IRRITATION TESTS These tests estimate the local irritation potential of devices, materials or extracts, using sites such as skin or mucous membranes, usually in an animal model. The route of exposure (skin, eye, mucosa) and duration of contact should be analogous to the anticipated clinical use of the device, but it is often prudent to exaggerate exposure conditions somewhat to establish a margin of safety for patients. In the Intracutaneous Test, extracts of the test material and blanks are injected intradermally. The injection sites are scored for erythema and edema (redness and swelling). This procedure is recommended for devices that will have externally communicating or internal contact with the body or body fluids. It reliably detects the potential for local irritation due to chemicals that may be extracted from a biomaterial.

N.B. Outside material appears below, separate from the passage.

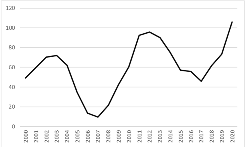
Figure 1: Outstanding IMF loans (SDR billion)

However, the IMF had no clear and elaborated concept for a sovereign debt and financial crisis in more advanced member countries of a monetary union. In the past, many IMF reform programs have been successful when combined with a depreciation of the national currency and monetary policy measures. The IMF treats each country as a sovereign state and calls for reforms in many policy areas that are under the country's control. In contrast, in a monetary union, only a limited policy area can be tackled by the IMF, which means that not all of a country's economic problems can be effectively addressed (Nelson 2017), p. 9). Since the European officials excluded a country's exit from the currency union for fear of collapse of the whole system, the policy instruments of national monetary and exchange rate policy were not available. Thus, for example, a (temporary) exit of Greece from the monetary union with the aim of a devaluation to (re-)establish international price competitiveness quickly, as Sinn (2015, p. 480ff.) suggested, was not possible. The IMF broke new ground and took big risk. It moved from a Fund to tackle short-term balance of payments problems to a Fund to solve long-term structural problems. This might be one reason why the IMF tried to withdraw more and more from being an active part in the Troika.

The Primary Skin Irritation test should be considered for topical devices that have external contact with intact or breached skin. In this procedure, the test material or an extract is applied directly to intact and abraded sites on the skin of a rabbit. After a 24-hour exposure, the material is removed and the sites are scored for erythema and edema. Mucous Membrane Irritation Tests are recommended for devices that will have externally communicating contact with intact natural channels or tissues. These studies often use extracts rather than the material itself. Some common procedures include vaginal, cheek pouch and eye irritation studies. (See page 9 for more information on extracts.)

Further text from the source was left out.